Xiao Hui, Guo Fuxin, Qu Ang, Zhang Nan, Wei Shuhua, Han Qiman, Deng Xiuwen, Li Chunxiao, Wang Junjie, Jiang Ping
Department of Radiation Oncology, Peking University Third Hospital, Beijing, P.R.China.
Technol Cancer Res Treat. 2025 Jan-Dec;24:15330338251363694. doi: 10.1177/15330338251363694. Epub 2025 Aug 6.

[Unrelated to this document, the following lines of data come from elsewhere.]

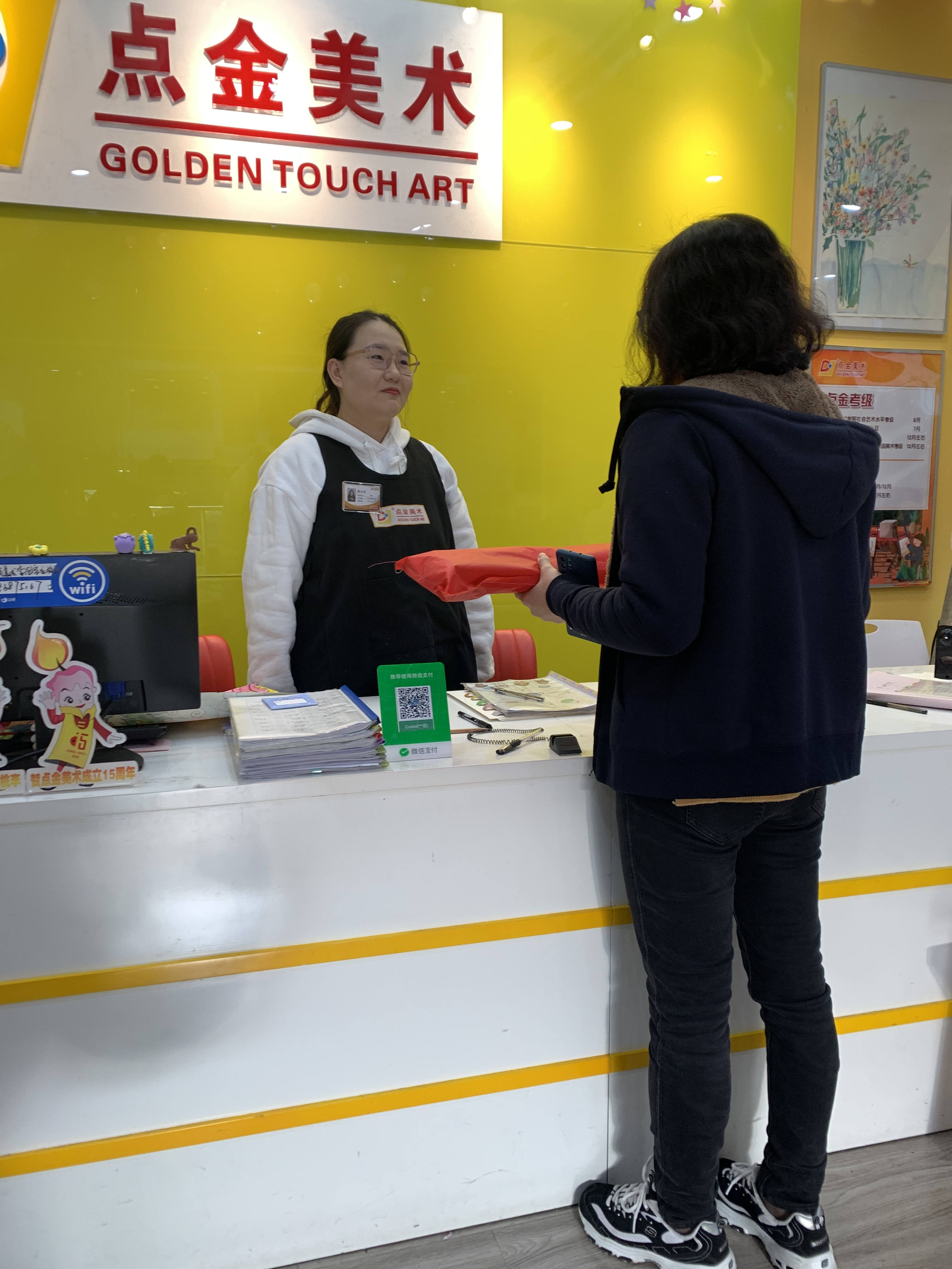 張靖宜、張家淇姐弟兩個(gè)都是點(diǎn)金美術(shù)的學(xué)員,都在陳小佳老師班上學(xué)習(xí)。媽媽說“弟弟的年齡比較小,性格上比較調(diào)皮,之前我們也在其他地方試聽過,效果也不太好。但是到了小佳老師這邊,通過小佳老師的不斷鼓勵,孩子變得特別聽話,在美術(shù)方面展現(xiàn)出了特別的天賦和熱愛,給了我們的很大的驚喜?!笔前?,孩子的成長和進(jìn)步時(shí)刻牽動著家長的心,也許這一面小小的錦旗,更多的是來自于母親對孩子進(jìn)步的喜悅。
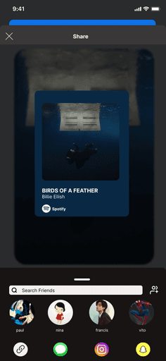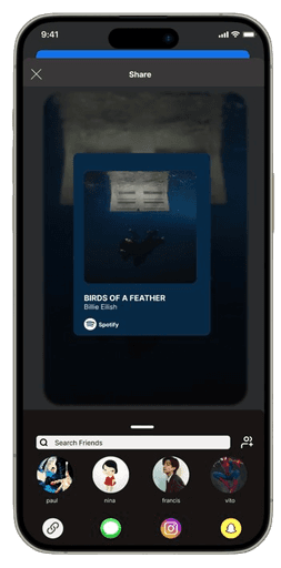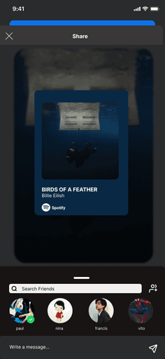 3 rounds of concept testing led to the option to share with Spotify friends seamlessly within the share button and users are able to select more than one friend at a time to send their selected content.
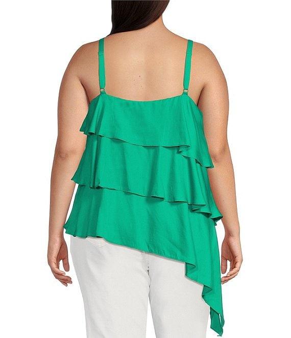 Skies Are Blue Plus Size Asymmetrical Ruffle Tiered Top

ObjectiveThis study evaluated the clinical efficacy and safety of simultaneous integrated boost (SIB) followed by selective sequential boost radiotherapy (RT) in patients with spinal metastases (SM) and explored the protocol's potential for dosimetric optimization.MethodsIn this retrospective study, 34 consecutive patients with SM underwent SIB followed by selective sequential boost RT at Peking University Third Hospital between July 2021 and December 2024. Prescribed doses were 30 Gy in 10 fractions to the planning target volume (PTV), with dose escalation to the boost planning target volume (PTV_boost) of either 40 Gy in 10 fractions or 48 Gy in 12 fractions. The primary endpoints included pain relief (Numerical Rating Scale), neurological improvement (Frankel Grade), and adverse events (RTOG/EORTC criteria). Secondary endpoints comprised local control rate (LCR), evaluated by MRI or CT, and cancer-specific survival (CSS).ResultsThe median follow-up was 9.9 months (range: 3.4-44.3 months), and 26 of 34 patients reported pain before treatment; of these, 84.6% (22/26) experienced pain relief (30.8% complete, 53.8% partial). Neurological function improved in 72.7% (16/22) of affected patients, with complete improvement in 27.3% and partial improvement in 45.5%. The majority of adverse events were grade 1-2 and resolved following appropriate symptomatic management. Kaplan-Meier analysis showed LCRs of 97.1%, 90.2%, 90.2%, and 90.2% at 3, 6, 12, and 24 months, respectively, and CSS rates of 97.0%, 97.0%, 87.0%, and 56.8% at the corresponding intervals.ConclusionsIndividualized dose-escalation RT may be a promising treatment for SM, potentially delivering significant pain relief, neurological recovery, and durable local tumor control, all while maintaining strict dosimetric constraints for organs at risk. Further prospective multicenter trials are essential to validate its safety and efficacy.
目的
本研究评估同步整合加量(SIB)序贯选择性分次加量放疗(RT)治疗脊柱转移瘤(SM)患者的临床疗效和安全性,并探讨该方案在剂量优化方面的潜力。
方法
在这项回顾性研究中,2021年7月至2024年12月期间,34例连续的SM患者在北京大学第三医院接受了SIB序贯选择性分次加量RT。计划靶体积(PTV)的处方剂量为30 Gy,分10次给予,加量计划靶体积(PTV_boost)的剂量递增至40 Gy,分10次或48 Gy,分12次。主要终点包括疼痛缓解(数字评分量表)、神经功能改善(Frankel分级)和不良事件(RTOG/EORTC标准)。次要终点包括通过MRI或CT评估的局部控制率(LCR)和癌症特异性生存率(CSS)。
结果
中位随访时间为9.9个月(范围:3.4 - 44.3个月),34例患者中有26例在治疗前报告有疼痛;其中,84.6%(22/26)的患者疼痛缓解(完全缓解30.8%,部分缓解53.8%)。72.7%(16/22)的受影响患者神经功能得到改善,其中完全改善27.3%,部分改善45.5%。大多数不良事件为1 - 2级,经适当的对症处理后缓解。Kaplan-Meier分析显示,3、6、12和24个月时的LCR分别为97.1%、90.2%、90.2%和90.2%,相应时间间隔的CSS率分别为97.0%、97.0%、87.0%和56.8%。
结论
个体化剂量递增RT可能是一种有前景的SM治疗方法,有可能显著缓解疼痛、促进神经功能恢复并实现持久的局部肿瘤控制,同时对危及器官保持严格的剂量限制。进一步的前瞻性多中心试验对于验证其安全性和有效性至关重要。